Und wehe ich bekomme keine gute Bewertung


----------



## tsa-turbo (25. November 2007)

vielen dank für deine mühen!


----------



## Günne (26. November 2007)

hm ich habe die selbe aufgabe, allerdings hilft mir dieser komplette text nicht so sehr, da ich einige teile im sourcecode nicht verstehe. könnte man das irgendwie einfacher schreiben?
ich hatte an das aneinanderreihen zweier strings gedacht, aber an der umsetzung hapert es leider. kann mir dazu wer einen tip geben


----------



## Kulabac (27. November 2007)

Naja, wenn du die selbe Aufgabe hast: die Lösung steht da ja bereits. Ich weiß auch leider nicht, was du mit aneinanderreihen von Strings meinst bzw. wie das zur Aufgabenlösung beitragen kann.
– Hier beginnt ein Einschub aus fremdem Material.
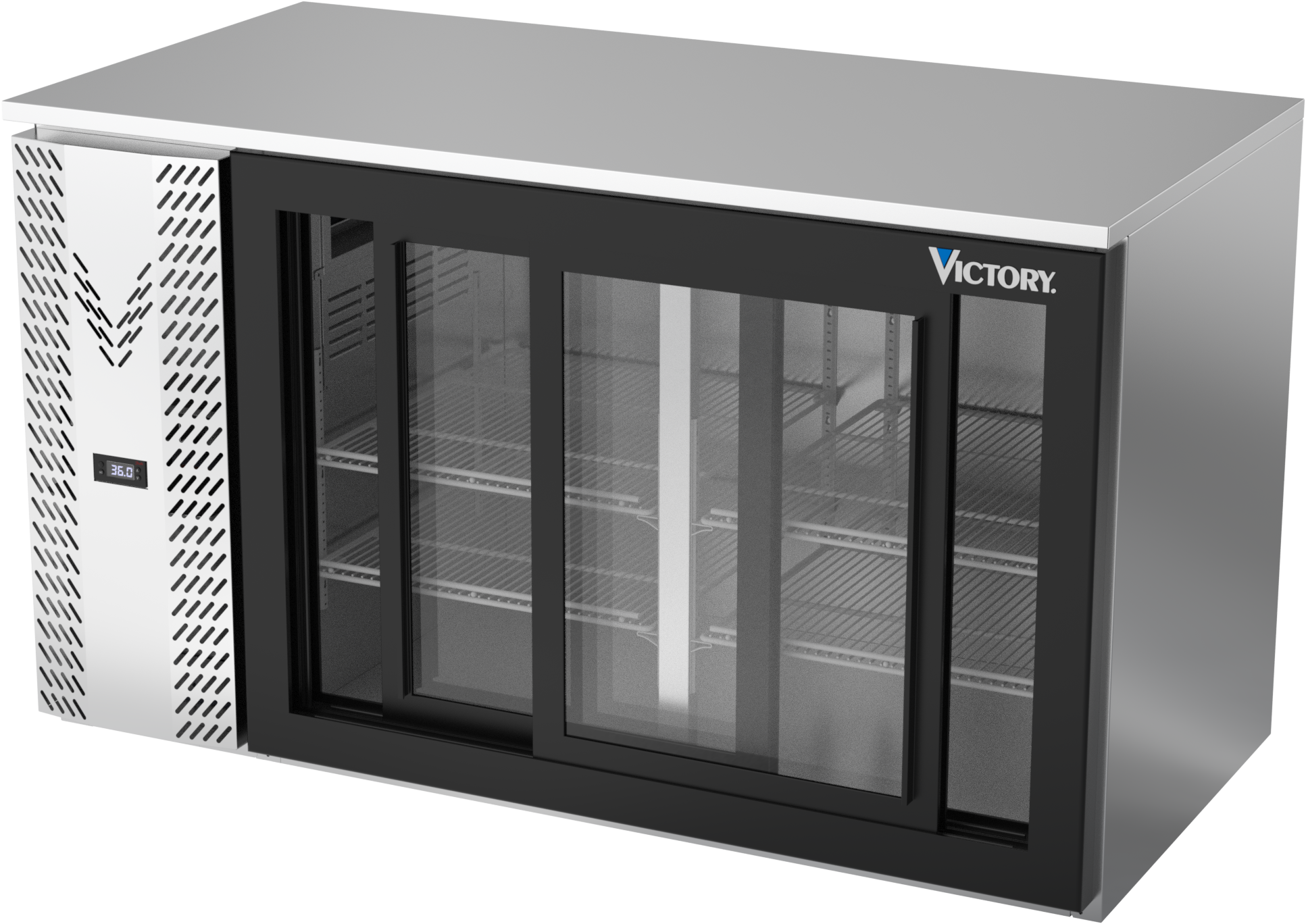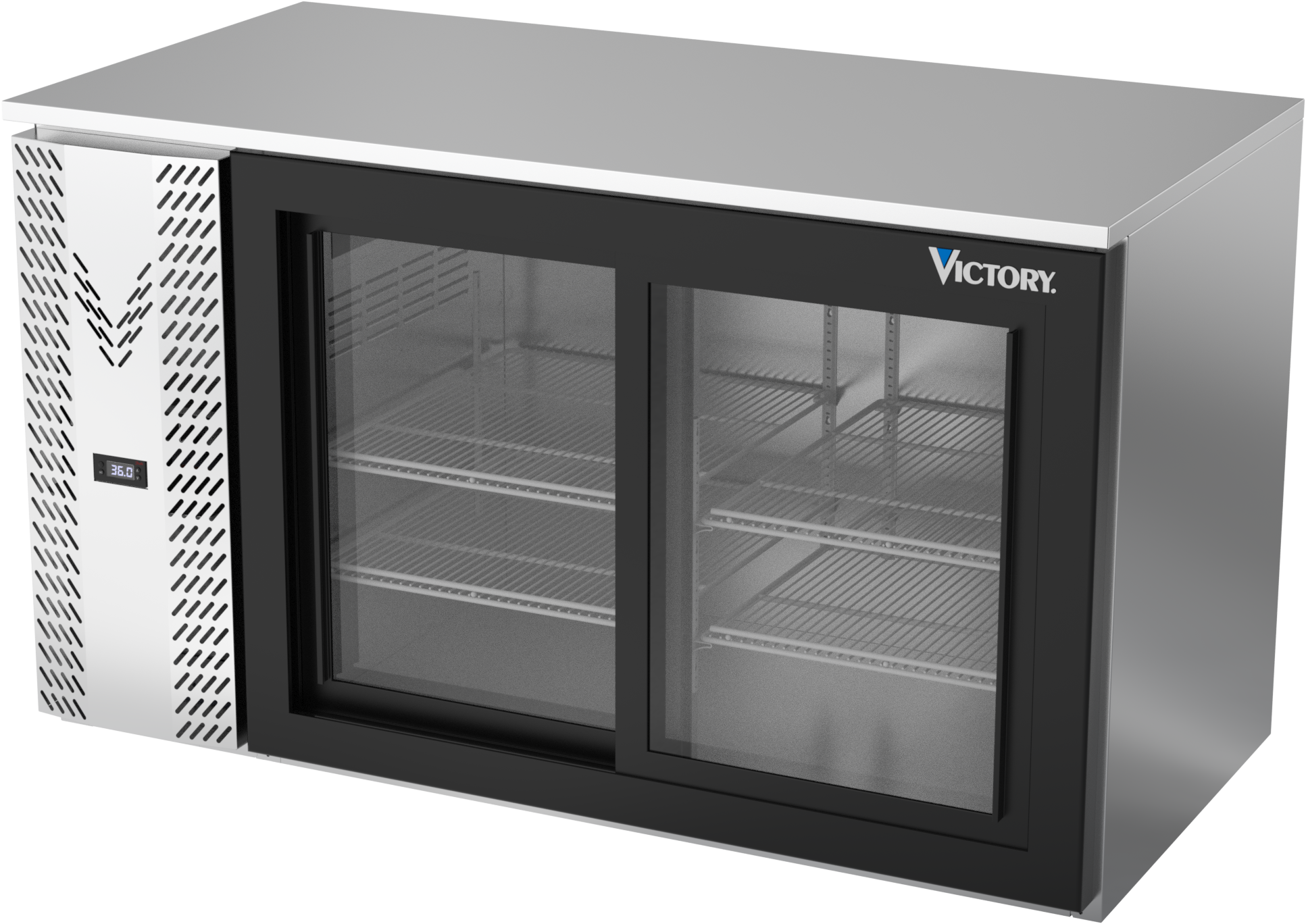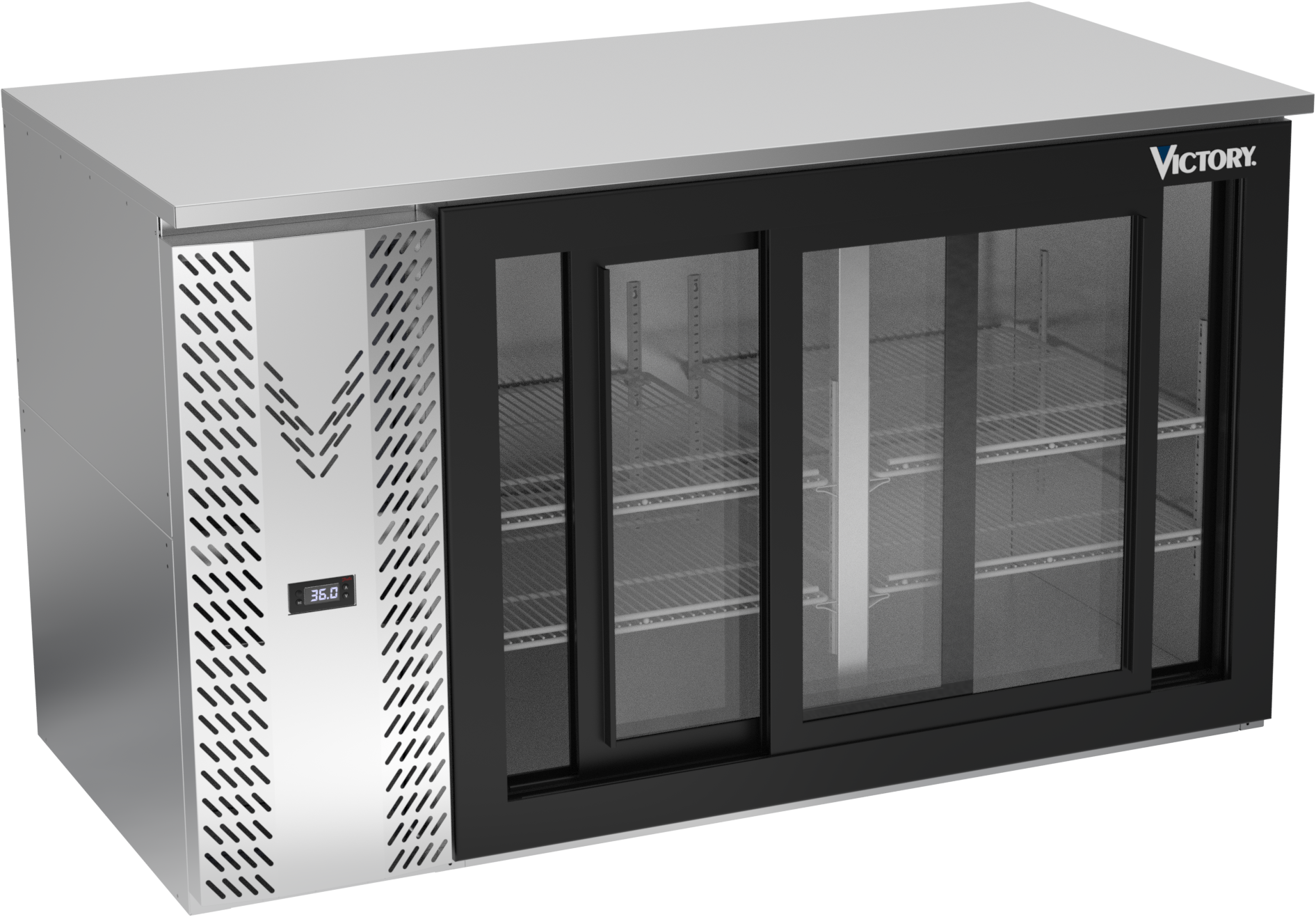 VBB58HC-F-GS-S | 58" Sliding Glass Doors Food Rated Back Bar in Stainless Steel
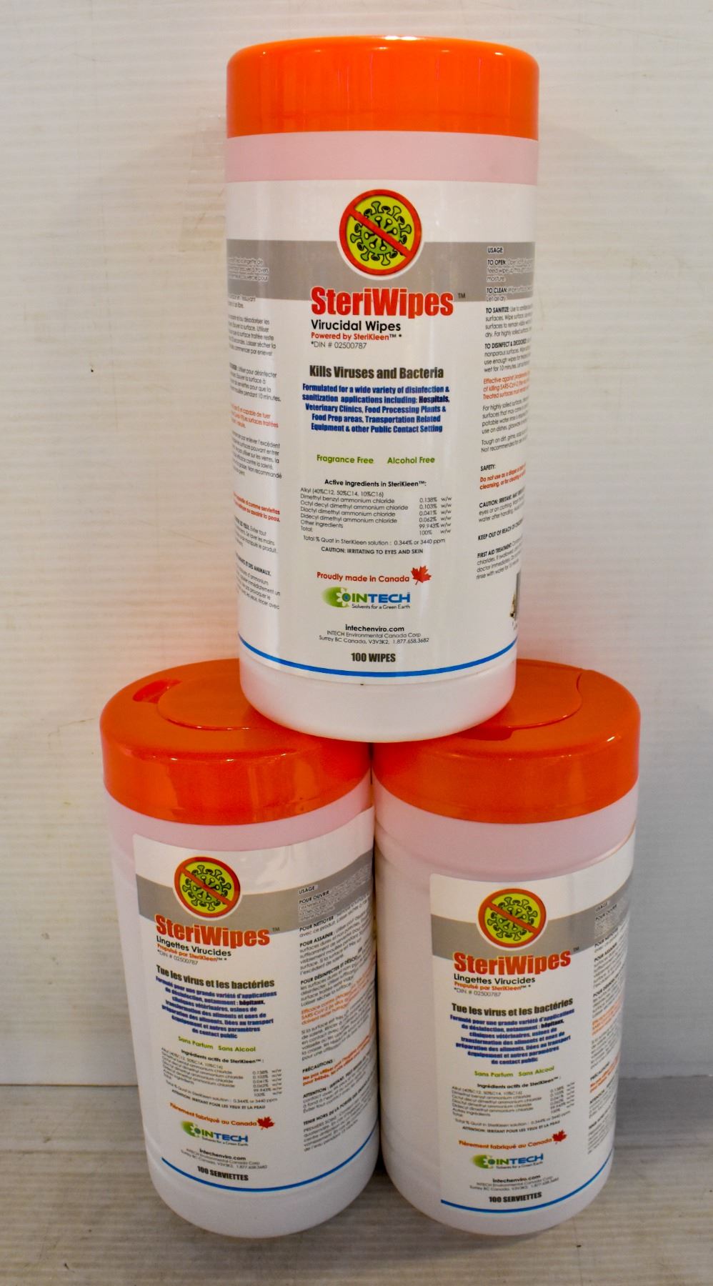 BY STERIKLEEN. CANADIAN MADE, FRAGRANCE AND ALCOHOL FREE, KILLS VIRUSES AND BACTERIA. FORMULATED FOR SANITIZATION APPLICATIONS IN HOSPITALS, VETERINARY CLINICS, FOOD PREPARATION AND MUCH MORE. 100 WIPES PER CONTAINER.
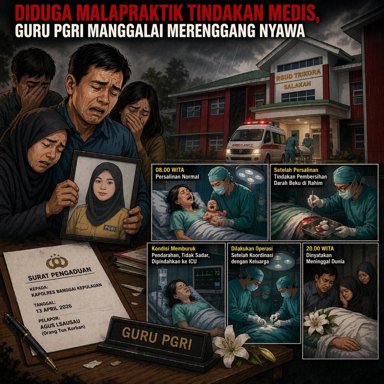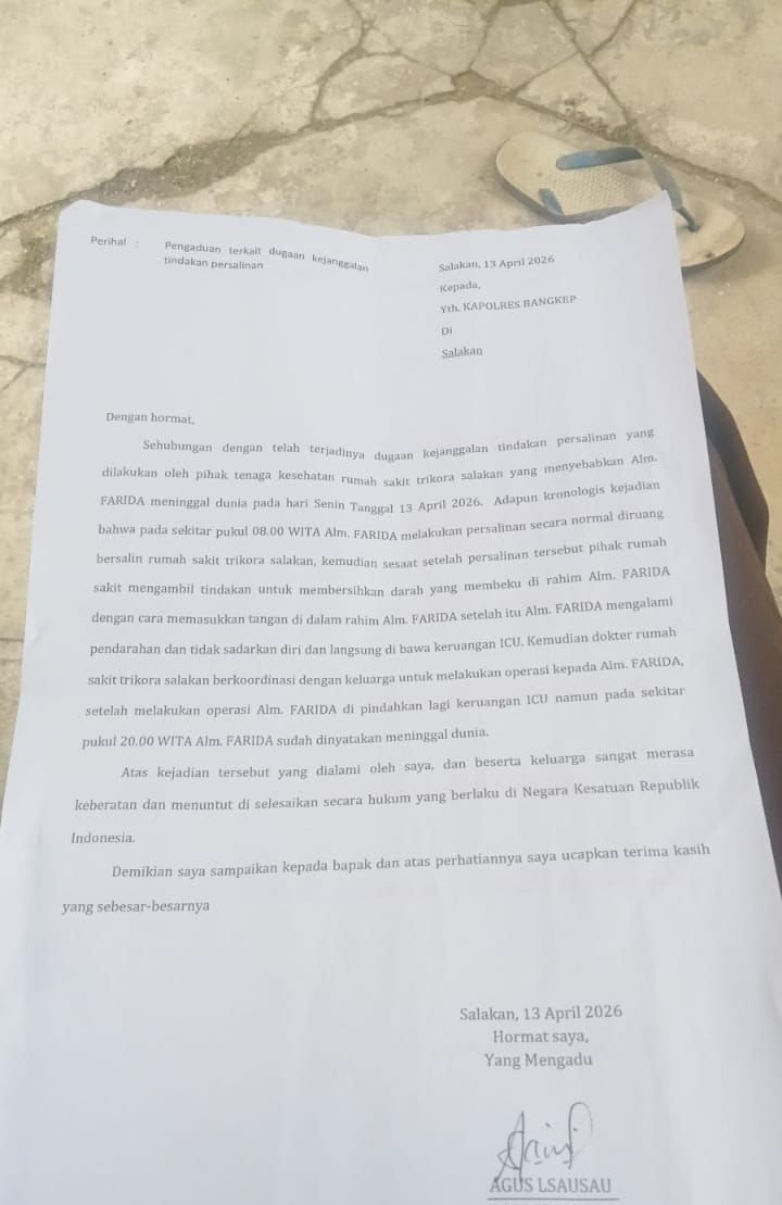 Laporan pengaduan itu ditujukan kepada Kapolres Banggai Kepulauan pada 13 April 2026. Dalam surat pengaduan, keluarga menyampaikan keberatan atas rangkaian penanganan medis yang dialami korban hingga akhirnya dinyatakan meninggal dunia pada sekitar pukul 20.00 WITA.
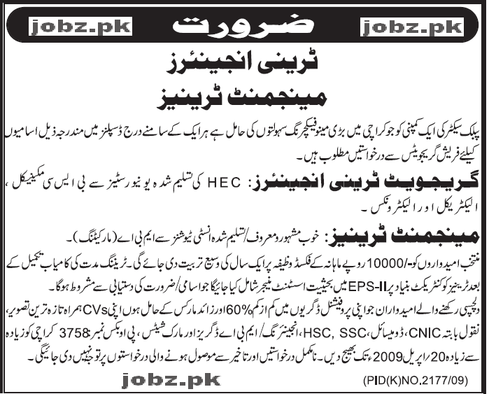 Apply as per details in job advertisement. Login to view further details of how to apply via https://www.jobz.pk online.
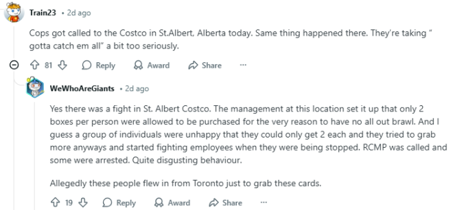 今年,加拿大有多家Costco发生类似事件,从安省到阿省,遍布各地。宝可梦卡牌吸引的不仅仅是卡牌爱好者,还有那些企图转售捞钱的“黄牛”贩子。这些“黄牛”甚至雇人来排队,Costco的限购措施对他们根本不起作用。也正是这些狂热激进的“黄牛”,引发了一起又一起混乱。
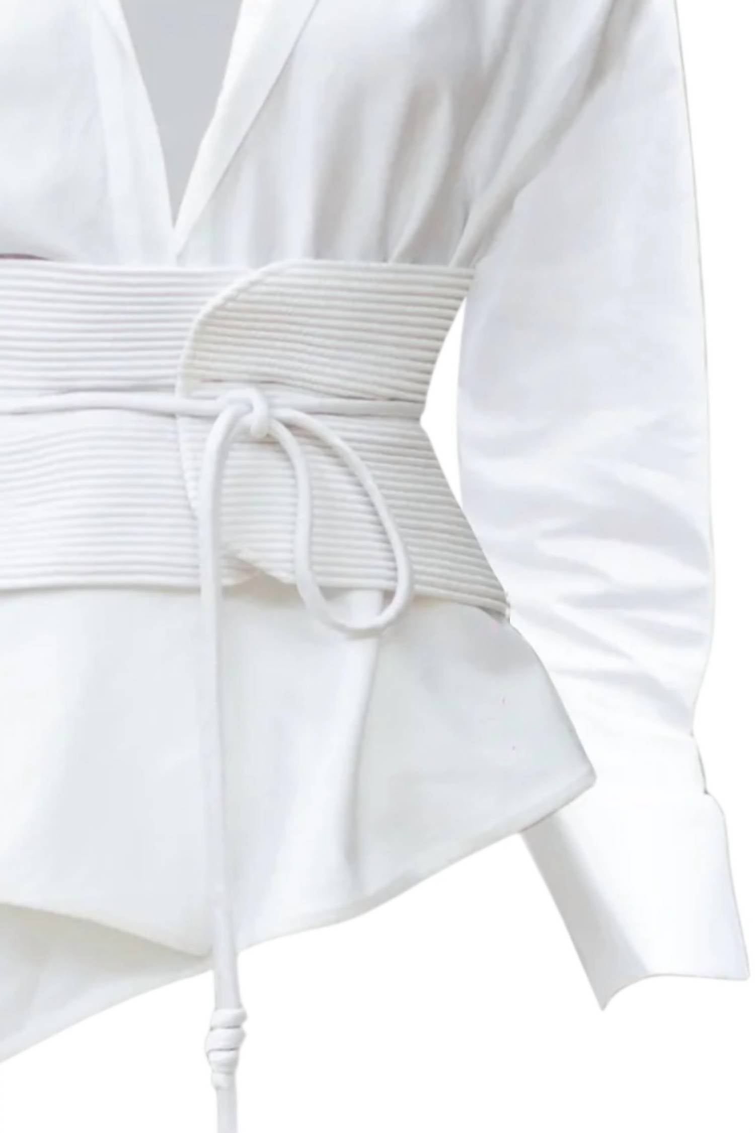 A timeless blouse that will never go out of style. Introducing the Women's Tierra De Luz Shirt With Attached Belt by Andres Otalora, a stunning addition to your summer wardrobe. Crafted from 100% crisp cotton poplin, this blouse offers a sharp silhouette with a plunging V-neckline and a cinched waist for a flattering fit. The shirt showcases long sleeves in a sophisticated off-white hue, perfect for a dinner party or a nod to 90s fashion. With its timeless design and high-quality material, this piece speaks to tasteful elegance and modern sensibility.
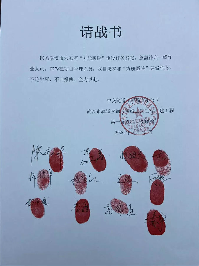 80后项目经理、党员陈延平立即召开全体人员会议,“特殊时期,大家已连续奋战多天,但‘前线’急需支援,项目成立青年突击队,自愿报名,我是党员,我报名。”“我是党员,我先上!”青年党员王春宇第一个请战,不到5分钟,由12名平均年龄不到30岁青年人组成的突击队组建完成。出征前,突击队员立下《请战书》:我自愿参加“方舱医院”建设任务,不论生死,不计报酬、全力以赴,请战书上12个亲笔签名和鲜红指印,见证着队员们的青春担当和必胜决心。
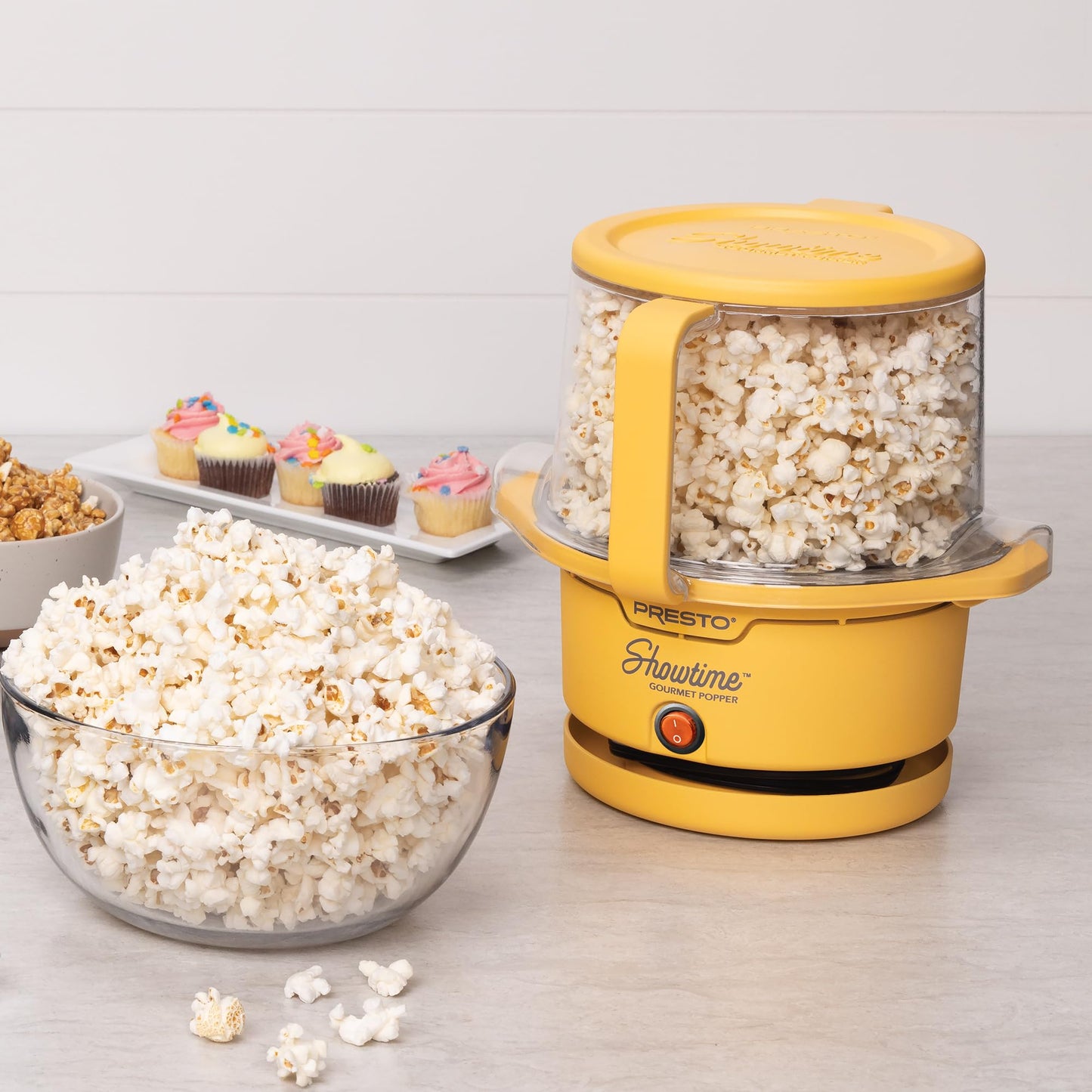 Presto 05206 Showtime Gourmet Oil Popcorn Popper - 9-Cups, Built-In Serving Bowl, Compact Design, Ceramic Nonstick, PFAS Free, Yellow

Der Quellcode sieht meiner Meinung nach auch schon anständig aus. "Einfacher" geht's immer, aber in den meisten Fällen dürfte dann was dabei rauskommen, was keine Rekursion mehr ist (wirklich einfach und verständlich wird's halt erst bei einer "normalen" Schleife).

Das einzige, was das ganze ein bisschen lesbarer macht, wäre vielleicht das += zu ersetzen. Also a += n zum Beispiel bedeutet nichts anderes als a = a + n.


----------